The emerging photoacoustic microscopy (PAM) is attractive for imaging cells in a non-invasive manner. PAM detects acoustic waves generated from the objects that absorb either pulsed or intensity-modulated laser irradiation [20, 21]. Because melanoma cells have natural dark pigments, they have a strong intrinsic contrast for label-free PAM with a high sensitivity both in vitro [22] and in vivo [23, 24]. Additionally, the non-ionizing radiation in photoacoustic (PA) imaging imposes no hazardous effects to tissues, in contrast with ionizing X-rays in micro-CT [21]. To the best of our knowledge, there has been no report on the application of PAM to scaffold-based tissue engineering. Here, we report PAM imaging of melanoma cells seeded in poly(D, L-lactide-co-glycolide) (PLGA) inverse opal scaffolds for tissue engineering application. We have successfully demonstrated the capability of PAM to non-invasively image a whole cell/scaffold construct more than 1 mm thick, resolving spatial distribution of cells in a 3D manner. We have used different seeding/culture methods to evaluate their effects on the spatial distribution of cells in the scaffolds. In addition, non-invasive and label-free PAM made it possible to monitor cell proliferation in the same scaffold over time, and to quantitatively analyze the number of cells as a function of time.

2. Materials and methods

2.1. Materials

Gelatin (Type A, from porcine skin, Sigma-Aldrich, St. Louis, MO), sorbitan monooleate (Span® 80, Sigma-Aldrich), and toluene (99.8 %, Sigma-Aldrich) were employed to produce uniform gelatin microspheres using a fluidic device. Poly(D, L-lactide-co-glycolide) (lactide 75: glycolide 25, Mw≈66,000–107,000, Sigma-Aldrich) was used for fabricating the scaffolds. The water used in all experiments was obtained by filtering through a set of Millipore cartridges (Epure, Dubuque, IA).
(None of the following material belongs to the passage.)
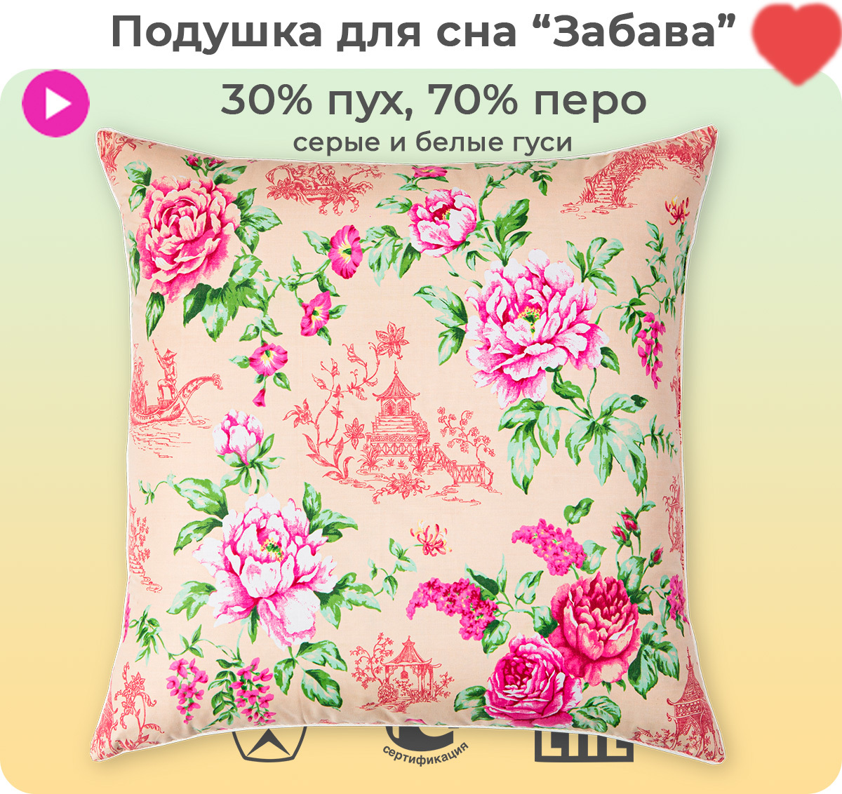 Подушка Дарёна Забава Пух-перо, Перо, 68x68 см

2.2. Preparation of inverse opal scaffolds

By modifying our recently published procedures [8, 25], we fabricated uniform microspheres of gelatin and inverse opal scaffolds of PLGA. Briefly, a methanol suspension of gelatin microspheres (200 μm in diameter, ~1.5 wt%) was placed in a 50-mL centrifuge tube and sonicated with the cap closed for 10 s. The wall of the centrifuge tube was then gently tapped to obtain a cubic-close packed (ccp) lattice. The ccp lattice was carefully placed in an oven heated at 65 °C for 1 h to form necks between the adjacent gelatin microspheres. After cooling down to room temperature for 30 min, the ccp lattice pellet was harvested by a spatula, placed on a filter paper to evaporate methanol, and then infiltrated with a PLGA solution in 1,4-dioxane (20 wt%). After removing the excess PLGA solution with filter paper, the ccp lattice pellet with PLGA solution was frozen in a refrigerator (−20 °C) for 5 h, and then lyophilized overnight in a freeze-dryer (Labconco Co., Kansas City, MO). The pellet with freeze-dried PLGA was immersed in ethanol for 5 min under a low vacuum to eliminate air bubbles trapped inside and subsequently transferred to 900 mL of water heated at 45 °C for 3 h to remove the gelatin lattice under magnetic stirring.
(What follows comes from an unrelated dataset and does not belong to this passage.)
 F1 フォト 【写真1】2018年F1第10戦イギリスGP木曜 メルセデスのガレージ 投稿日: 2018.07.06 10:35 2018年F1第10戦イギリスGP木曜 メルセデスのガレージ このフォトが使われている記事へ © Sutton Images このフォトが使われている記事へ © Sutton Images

2.3 Melanoma cells culture and seeding

B16 melanoma cells were obtained from the Tissue Culture and Support Center at the Washington University School of Medicine. The cells were maintained in Dulbecco’s modified Eagle medium (DMEM, Invitrogen, Carlsbad, CA) supplemented with 10% heat-inactivated fetal bovine serum (FBS, ATCC, Manassas, VA) and 1% antibiotic antimycotic (ABAM, Invitrogen). Prior to cell seeding, scaffolds were sterilized with 70% ethanol and UV irradiation overnight, washed with PBS (Invitrogen) three times, and stored in a culture medium. For dynamic seeding/culture, cells were seeded into each scaffold using a spinner flask (125 mL capacity, Proculture, Corning, Corning, NY) at 65 rpm for 2 h under 37 °C and 5% CO2. The cell-seeded scaffolds were then washed and cultured in a spinner flask with the same culture medium, except that DMEM free of phenol red was used to reduce possible signal interference in PAM imaging. For stationary seeding, scaffolds were immersed in cell suspensions for 2 h and transferred to 12-well plates with the aforementioned culture medium. Stationary cultures were maintained on a tilt-angle shaker at 50 rpm. All cultures were kept in an incubator at 37 °C under a humidified atmosphere containing 5% CO2, and the media were changed every other day.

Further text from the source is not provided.